Question

Which of the following is not true for $f(x) = \min(x, x^2)$?

• A. continuous everywhere
• B. $Rf'(0) = 1$
• C. not differentiable at $x = 0$ and $x = 1$
• D. $Rf'(1) = 1$

Answer 1

Answer: (B)

$Rf'(0) = 1$

Answer 2

The function is defined as $f(x) = \min(x, x^2)$. We first determine the piecewise form of $f(x)$. The equality $x = x^2$ holds when $x^2 - x = 0$, which factors as $x(x-1) = 0$. Thus, the intersection points are $x=0$ and $x=1$.

We analyze the inequality $x \le x^2$, which is equivalent to $x^2 - x \ge 0$, or $x(x-1) \ge 0$. This inequality holds for $x \in (-\infty, 0] \cup [1, \infty)$. Therefore, $f(x) = x$ for $x \le 0$ or $x \ge 1$.
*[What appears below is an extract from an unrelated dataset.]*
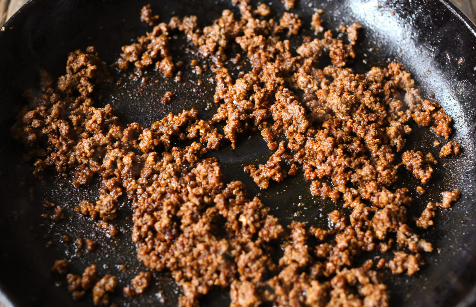 -Heat a large (12- to 14-inch) cast iron skillet over medium-high heat. When hot, add the ground beef to the pan. Cook for about 5 to 7 minutes, stirring and breaking up the meat into very small pieces with a spatula or wooden spoon, until completely browned. Add 1¾ teaspoons of the smoked paprika and the cumin to the beef. Cook for 1 minute to toast the spices.
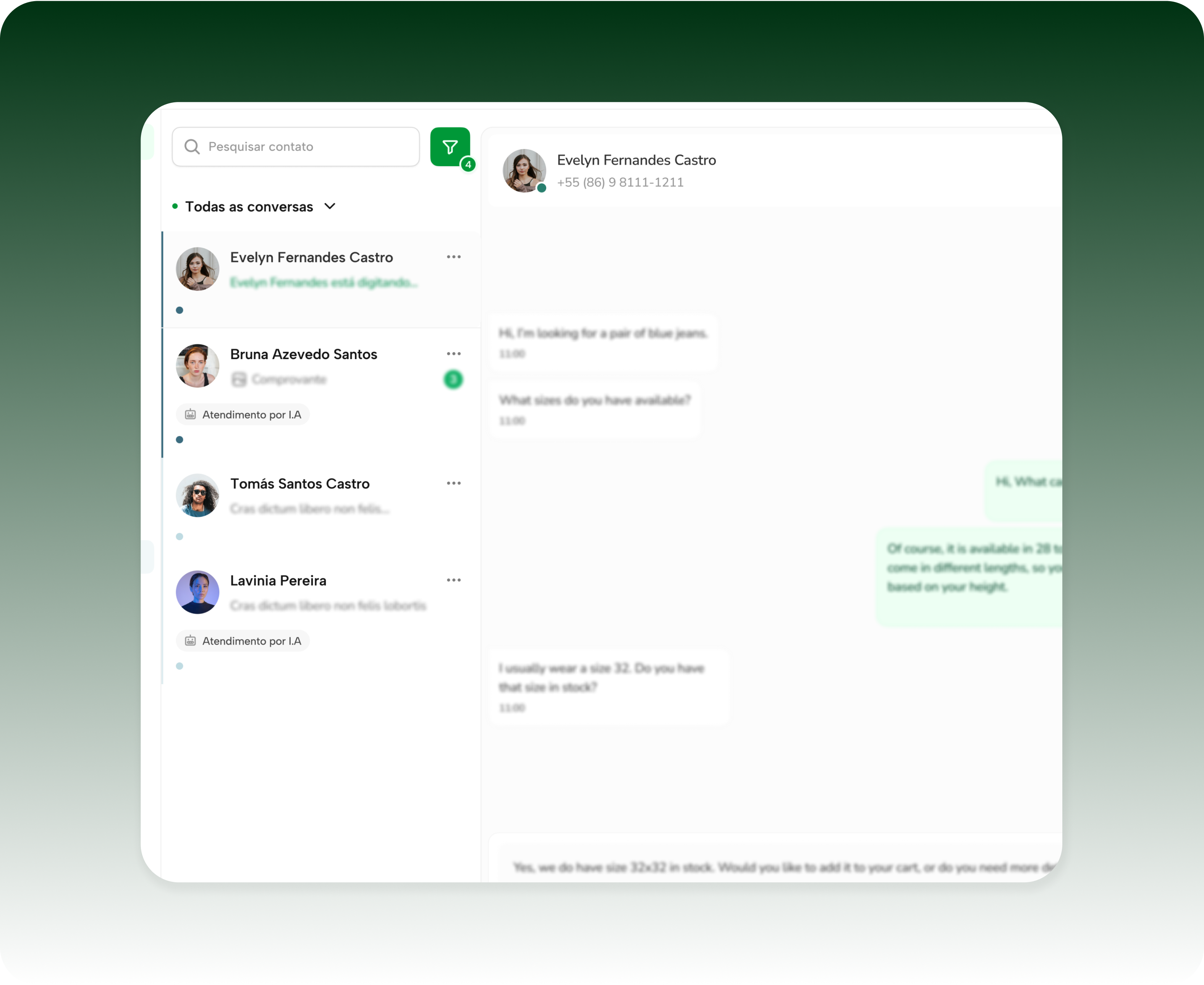 Chatbots inteligentes que respondem instantaneamente, dia e noite.

The inequality $x > x^2$ holds when $x^2 - x < 0$, or $x(x-1) < 0$. This inequality holds for $x \in (0, 1)$. Therefore, $f(x) = x^2$ for $0 < x < 1$.

The piecewise definition of $f(x)$ is:

$$f(x) = \begin{cases} x & \text{if } x \le 0 \\ x^2 & \text{if } 0 < x < 1 \\ x & \text{if } x \ge 1 \end{cases}$$

Now, let's evaluate each statement:

1. Continuous everywhere: We check continuity at the transition points $x=0$ and $x=1$. At $x=0$: $\lim_{x \to 0^-} f(x) = \lim_{x \to 0^-} x = 0$. $\lim_{x \to 0^+} f(x) = \lim_{x \to 0^+} x^2 = 0^2 = 0$. $f(0) = 0$. Since $\lim_{x \to 0^-} f(x) = \lim_{x \to 0^+} f(x) = f(0)$, $f(x)$ is continuous at $x=0$.

   At $x=1$: $\lim_{x \to 1^-} f(x) = \lim_{x \to 1^-} x^2 = 1^2 = 1$. $\lim_{x \to 1^+} f(x) = \lim_{x \to 1^+} x = 1$. $f(1) = 1$. Since $\lim_{x \to 1^-} f(x) = \lim_{x \to 1^+} f(x) = f(1)$, $f(x)$ is continuous at $x=1$. Since $f(x)$ is defined by polynomials ($x$ or $x^2$) in the intervals $(-\infty, 0)$, $(0, 1)$, and $(1, \infty)$, it is continuous there. Thus, $f(x)$ is continuous everywhere. This statement is true.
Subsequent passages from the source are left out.